Voice Chapter 7 - Supercharged wake words and timers

Comments

This chapter might be one of the most feature-packed yet, bringing the highly requested timer feature and major improvements to wake words, along with experimental technology that even outclasses big tech’s voice assistants.

Welcome to Voice Chapter 7, on today’s menu:

Big things for microWakeWord

At the beginning of this year wake word detection could only run on Home Assistant itself. Voice devices would pass on all audio to Home Assistant, which would listen out for supported wake words like “Hey Jarvis” or “Okay Nabu”.  This had the downside that your device, let’s say a Raspberry Pi, could only support a handful of voice satellites, and there would always be a delay in responses. We knew the benefits of wake word detection running on-device, but there was a lack of good open source options.

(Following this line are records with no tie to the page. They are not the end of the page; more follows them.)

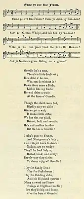 Cam Ye O’er Frae France (~ «Из Франции прибыли?») — песня периода якобитских восстаний, грубо высмеивающая короля Великобритании Георга I и его приближенных. Эта песня приобрела популярность среди фолк-исполнителей Великобритании в 60-е годы XX века. Её исполняли фолк-рок-группа Steeleye Span, Юэн Макколл, Дик Гохан.
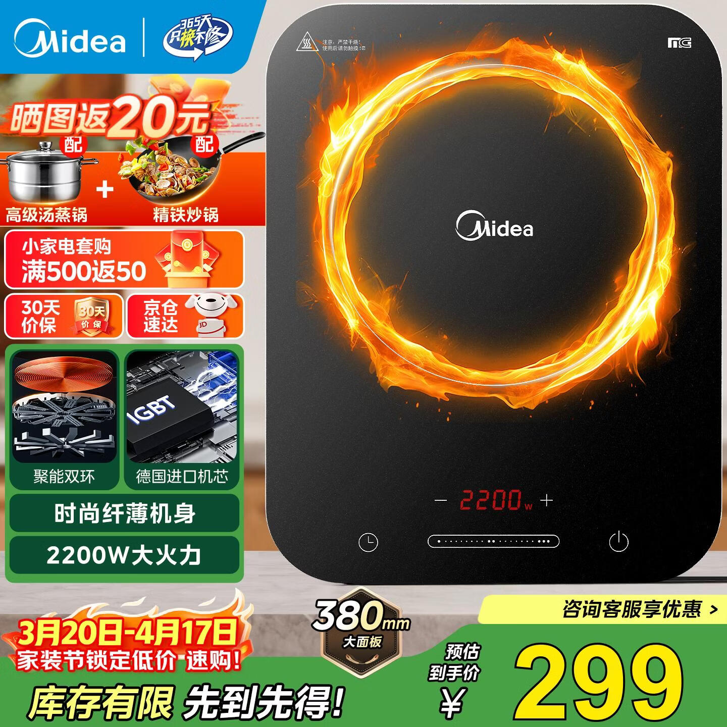 美的(Midea)电磁炉套装家用大功率2200W一键爆炒带锅电磁灶套装火锅电磁炉一体电炒锅 【单灶+双锅】持续加热
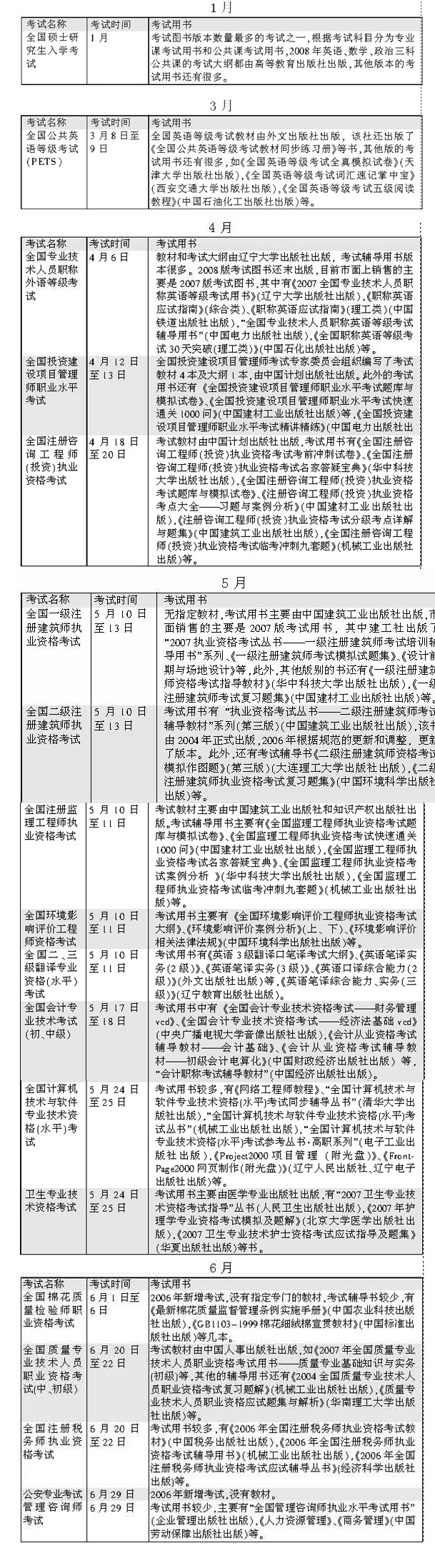 2008年上半年考试日历(一) - 教育新闻 - 中国高校教材图书网
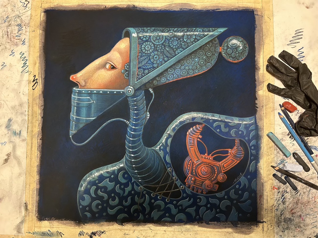 One day, I was cruising through the Dakota Arts competition winners, and boom! I was stopped in my tracks by a most unusual and gorgeous piece. The art was by Michele Noiset and I knew there and then that I just had to have her on the HowToPastel blog!
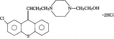 C22H25ClN2OS·2HCl=473.89 CAS-633-49-0 CAS-982-24-1(clopenthixol) 4-[3-(2-氯-9H-噻吨-9-亚基)丙基]哌嗪乙醇二盐酸盐。 4-[3-(2-Chloro-9H-thioxanthen-9-ylidene)propyl]-1-piperazineethanol dihydrochloride. 2-氯-9-[3-[4-(2-羟乙基)哌嗪基]亚丙基]噻吨二盐酸盐。 2-Chloro-9-[3-[4-(2-hydroxyethyl)piperazinyl]propylidene]thiaxanthenedi hydrochloride. 安定药。 二盐酸氯噻吨。 Clopenthixol Dihydrochloride,Ay 62021,N-746,Ciatyl,Clopixol,Sordenac,Sordinol. MI.
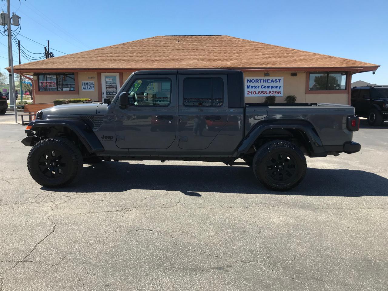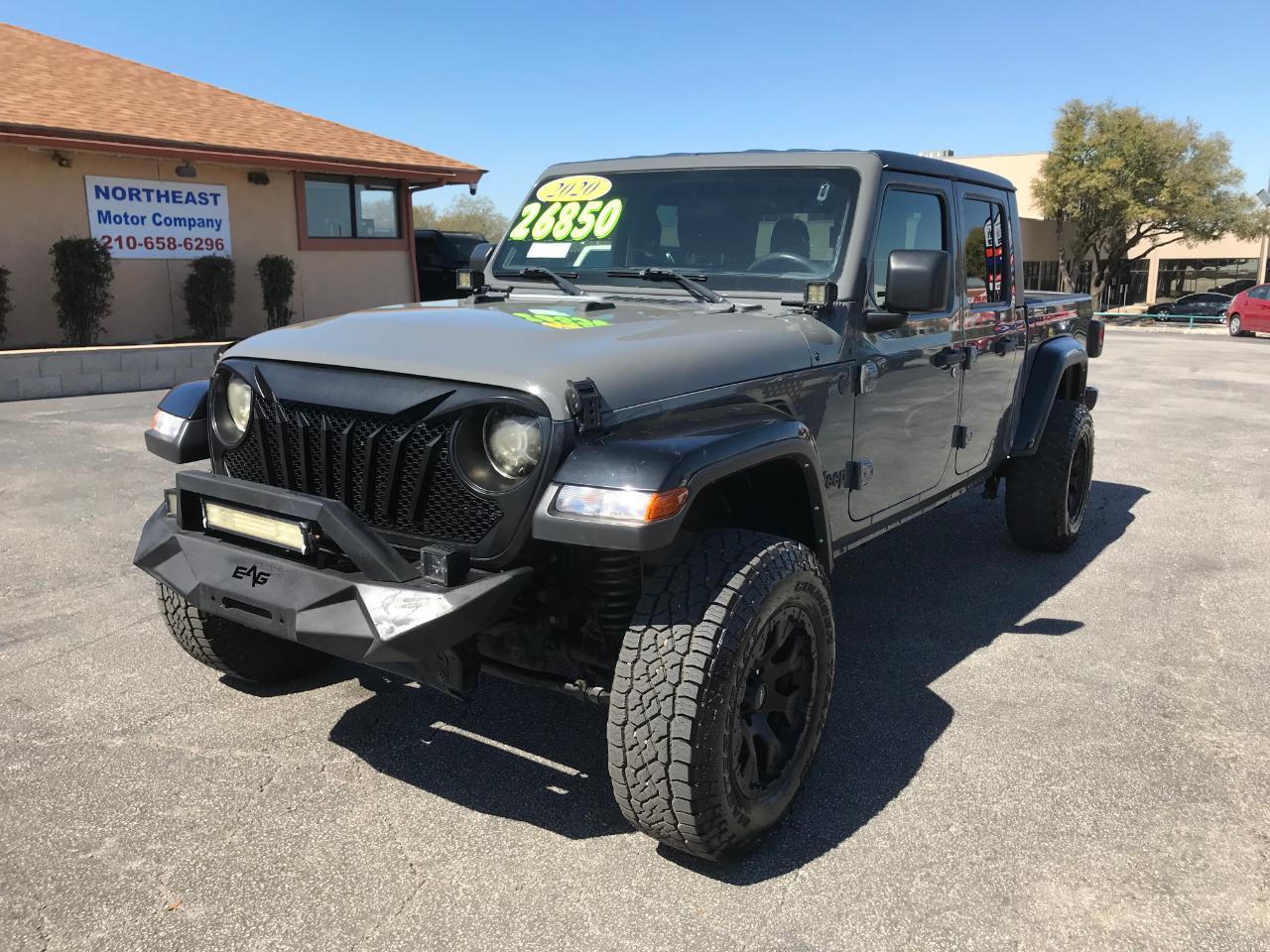 Northeast Motor Company, www.northeastmotorco.com, 2402 Pat Booker Rd., Universal City, TX 78148, 210-658-6296. 2020 Jeep Gladiator 4x4 Sport! Equipped with a 285 Horsepower 3.6L V6 Engine, 8 Speed Automatic Transmission, Four Wheel Drive, 3 Piece Freedom Top, Backup Camera, Bluetooth, Auxiliary Audio Input with USB Interface, Air Conditioning, Power Windows/Locks/Mirrors, Steering Wheel Mounted Audio Controls, Cruise Control, Keyless Entry, Push Button Starting, Remote Start, Aluminum Alloy Wheels, and more! Call or come out today to inquire about our easy financing options and many available extended warranties. We finance! Zero down W.A.C. Be sure to check out our Google reviews! We are proud to be a USAA Certified, RBFCU Certified, True Car Certified, and Car Gurus Top Rated dealership. We are a small family-owned used car dealership in Universal City, Texas just on the border of San Antonio. We've been doing business in the San Antonio area for over 30 years. You can check out our website at www.northeastmotorco.com to see what we normally stock. Thank you so much for looking and we look forward to doing business with you!

Kevin Ahrendt, a former mathematics professor, took up the task and created microWakeWord in his spare time. It is a wake word engine optimized to run fast and reliably on microcontrollers. It was made for ESPHome, but it is available standalone and under the Apache 2.0 open source license. No one will ever have to pay for wake words ever again.

In our Chapter 6 Livestream we did a deep dive into how this voice processing is possible on such lean hardware (we’re talking late-90s PC levels of RAM and CPU power). It was in this last chapter where we launched v1 of microWakeWord, which at the time could only run on ESP32-S3 chips. A lot has happened since then, and it’s all awesome.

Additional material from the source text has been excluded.